Any help/opinions much appreciated - thanks


----------



## gskinner123 (Mar 10, 2010)

Agria started that breeding risks cover several years ago and premiums seem to be creeping up and the cover/what they offer is changing. I had a quote initially a couple of years ago (which I didn't do in the end) which was circa £12/month. Eventually covered one of the girls from last year, exactly the same cover as the previous quote, now £16/month. 

For that £16/month, I too opted out of all the things you mentioned but I'm sure ours is considerably lower than £12,500 cover but I did go for the low excess and 0% to pay towards any claims. I can't find my paperwork at the mo (which won't surprise you, I know lol) but I'll find it and check.

All a bit academic really as Agria are the only, as far as I'm aware, company that offer breeding risks cover - or at least one with realistic levels of cover and premiums that are remotely affordable.
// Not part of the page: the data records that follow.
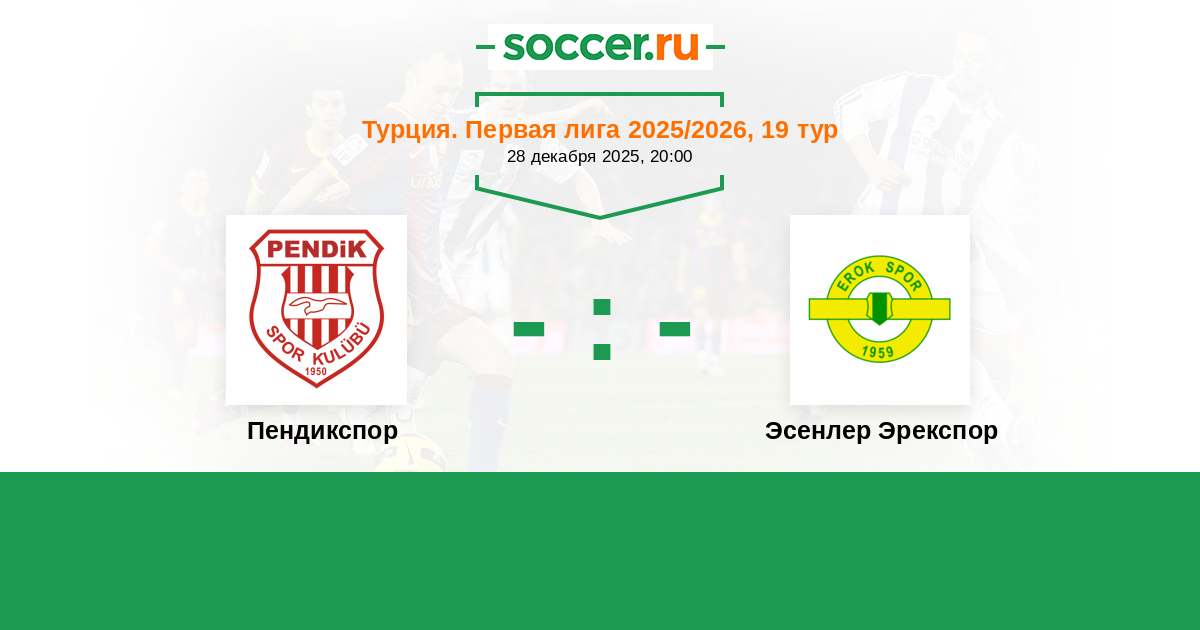 | Эсенлер Эрекспор | 6:2 | 4:0 | 2:2 |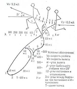 Угол наклона толчковой ноги, степень её сопротивления при амортизации сгибанию в суставах и активность разгибания определяют продолжительность и направление развиваемых усилий при отталкивании при одной и той же скорости разбега.
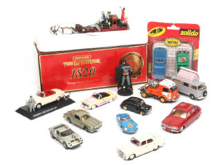 on y retrouve notamment les marques : CORGI TOYS, NOSTALGIE, MERCURY & SOLIDO - 3 exemplaires avec boîtes (état 'c') - quelques manques & parties cassées (suivant les modèles) - on y joint une figurine de BATMAN (kiosque)
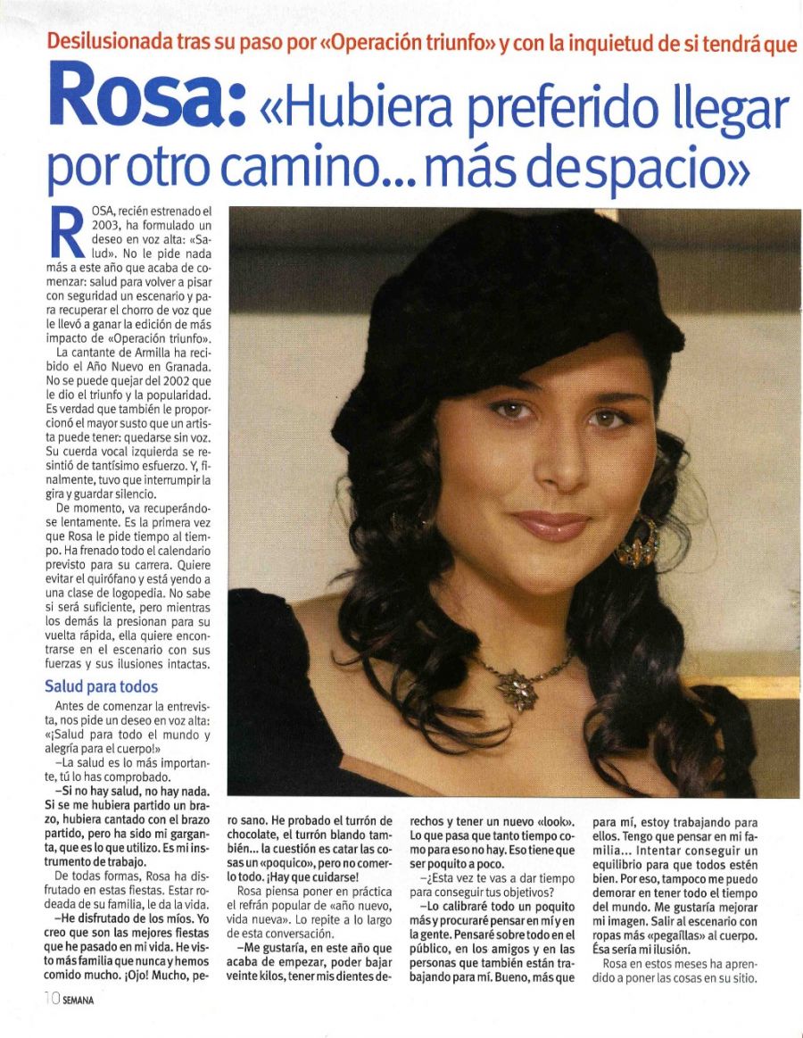 Rosa, desilusionada tras su paso por "OT"Semana08/01/2003Escaneada por Rosamania
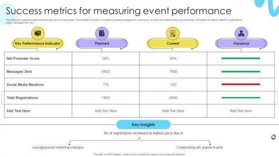 This slide showcases success metrics to track an events success. This template focuses on increasing audience engagement, maximizing revenue and obtaining more sponsorships. It includes information related to registrations made, messages sent, etc. Slidegeeks has constructed Success Metrics For Measuring Event Encouraging Repetitive Customer Purchase Ppt Presentation after conducting extensive research and examination. These presentation templates are constantly being generated and modified based on user preferences and critiques from editors. Here, you will find the most attractive templates for a range of purposes while taking into account ratings and remarks from users regarding the content. This is an excellent jumping-off point to explore our content and will give new users an insight into our top-notch PowerPoint Templates. This slide showcases success metrics to track an events success. This template focuses on increasing audience engagement, maximizing revenue and obtaining more sponsorships. It includes information related to registrations made, messages sent, etc.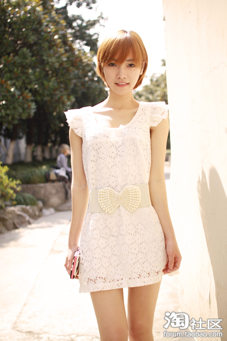 (韩·蕾丝公主洋装 超仙)一穿上它你就是仙女,蕾丝控,公主情节,都适合你,全蕾丝的设计,喜欢它的纯白,让人感觉非常的春天气息,阳光下,原来是白色最美丽的,美丽的没有一丝做作,非常的无瑕。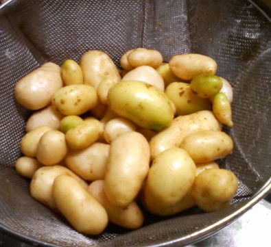 「どんなんかなぁ~~、庭のじゃがいも、少し掘ってみたら」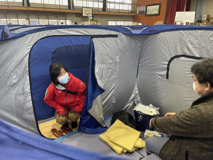 避難者のなかには高齢者も多く、「段ボールベッドが入ったことで本当に楽になった」との声も聞かれました。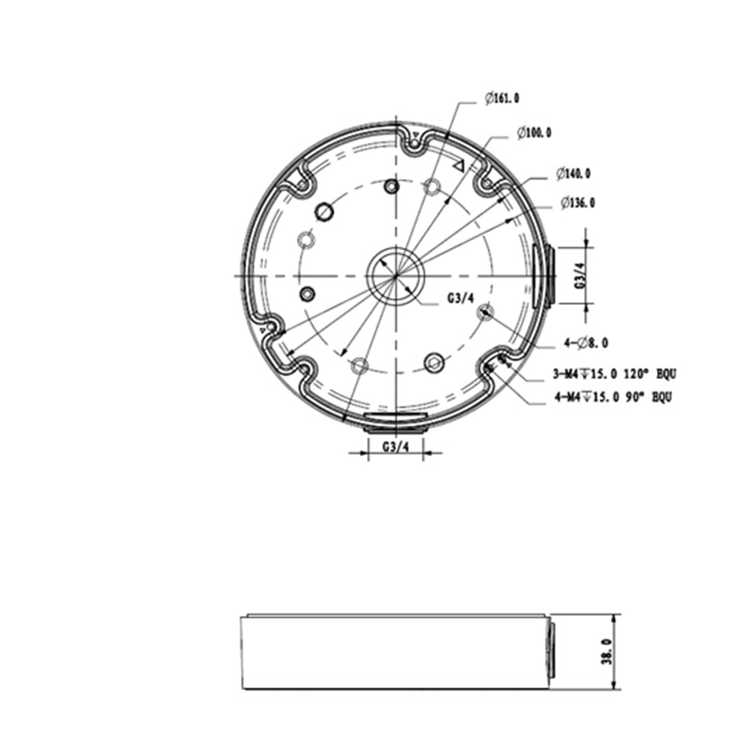 Permette di inserire al suo interno l'alimentatore, i cavi e gli accessori di installazione. Ha più fori per l'installazione di diversi tipi di telecamere dome. Fissaggio a parete o soffitto tramite 4 viti incluse. La telecamera è installata nella copertura removibile del supporto. Consente il passaggio del cablaggio interno.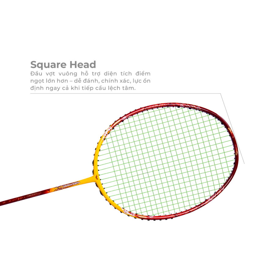 Square Head – Mở rộng điểm ngọt Đầu vợt vuông hỗ trợ diện tích điểm ngọt lớn hơn – dễ đánh, chính xác, lực ổn định ngay cả khi tiếp cầu lệch tâm
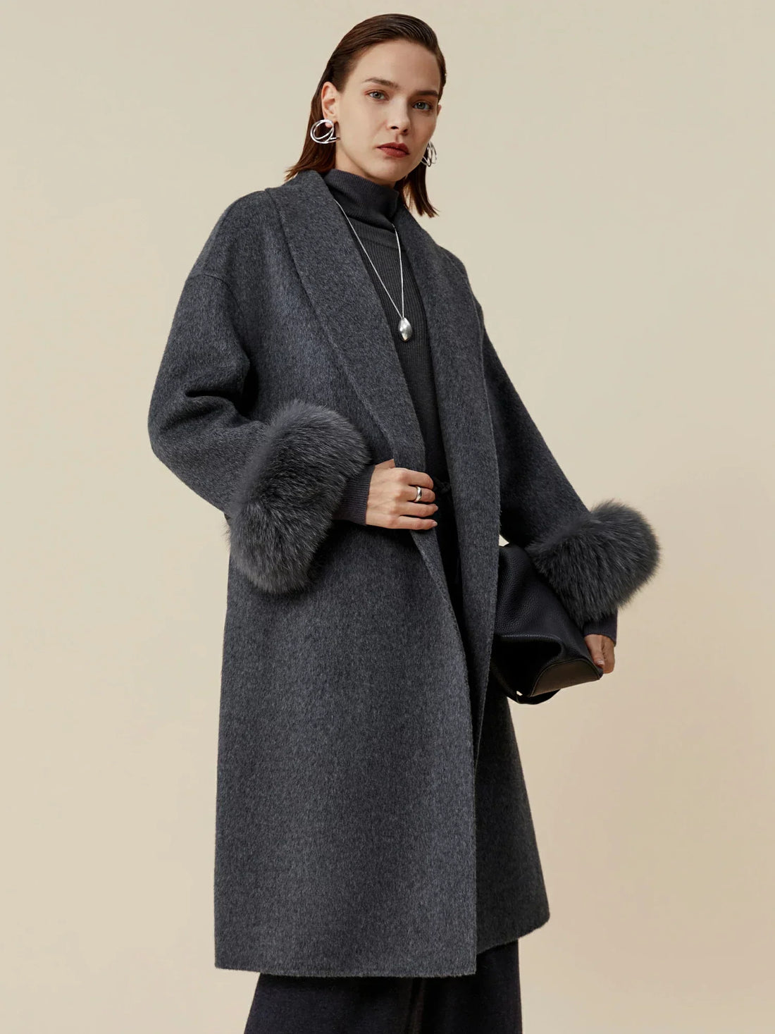 Wool Collar Long Sleeved Plush Cuffed Long Coat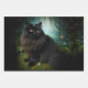 Fluffy Black Cat in Misty Woods Name Front Wrapping Paper Sheets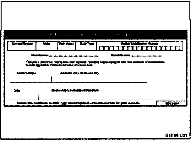 For California centers only it is required by the California Code of Regulations that an executed orange "Vehicle Emissions Recall - Proof of Correction" certificate (SD92-084, see illustration) be provided to each customer (for vehicles registered in the state of California) once the Recall on their vehicle has been completed.
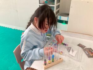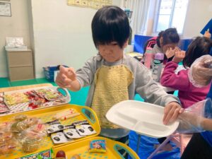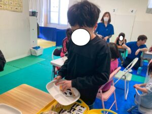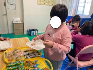 訓練室➁では「ライズベイカリー」を行いました!数種類のパンの中から、自身の好きな物をトングを使いお皿へ、指先の運動と共に後のお友達の分も考えながら行いました!
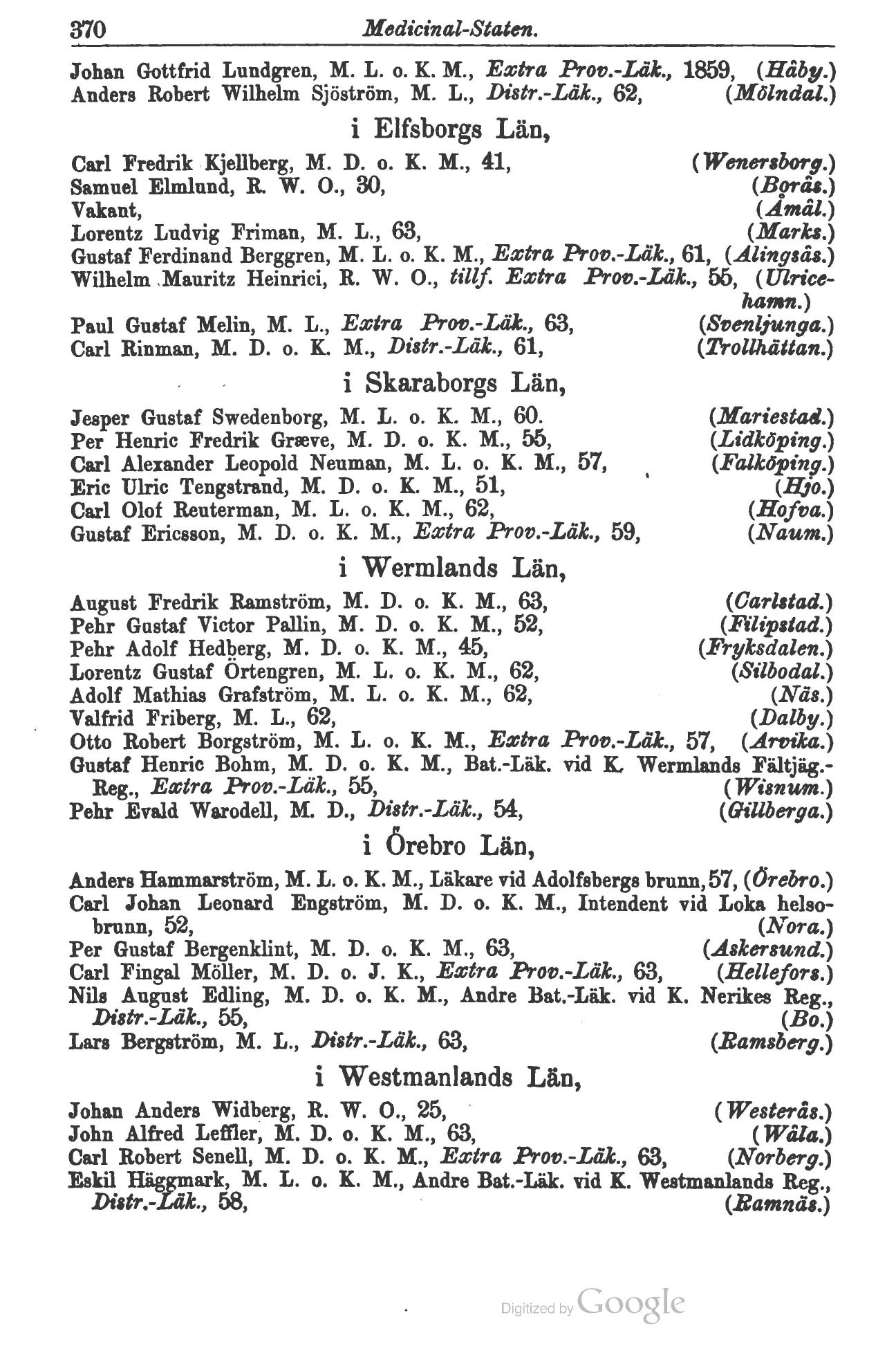 Full resolution (JPEG) - On this page / på denna sida - Svenska Kalendern - VI. Till Stats-Departementen hörande Stater och Korpser - 7) tillhörande K. Ecklesiastik-Departementet - c) Medicinal-Staten - Provinsial- och Distrikts-Läkare

I had a quote from Pet Plan at the same time... forget it.

ETA: No, there's no life cover with the breeding risks policy, I'm pretty sure.


----------



## kellyrich (Jan 8, 2009)

Ha ha i was just about to check Pet Plan but i can imagine what their quote is going to be like! 

There is a lower cover for £6,500 on Agria - so i just tried that with the low excess and 0% to pay towards any claims and it came back as £22 per month!

So both mine seems a lot more than yours lol!


----------



## gskinner123 (Mar 10, 2010)

kellyrich said:


> There is a lower cover for £6,500 on Agria - so i just tried that with the low excess and 0% to pay towards any claims and it came back as £22 per month!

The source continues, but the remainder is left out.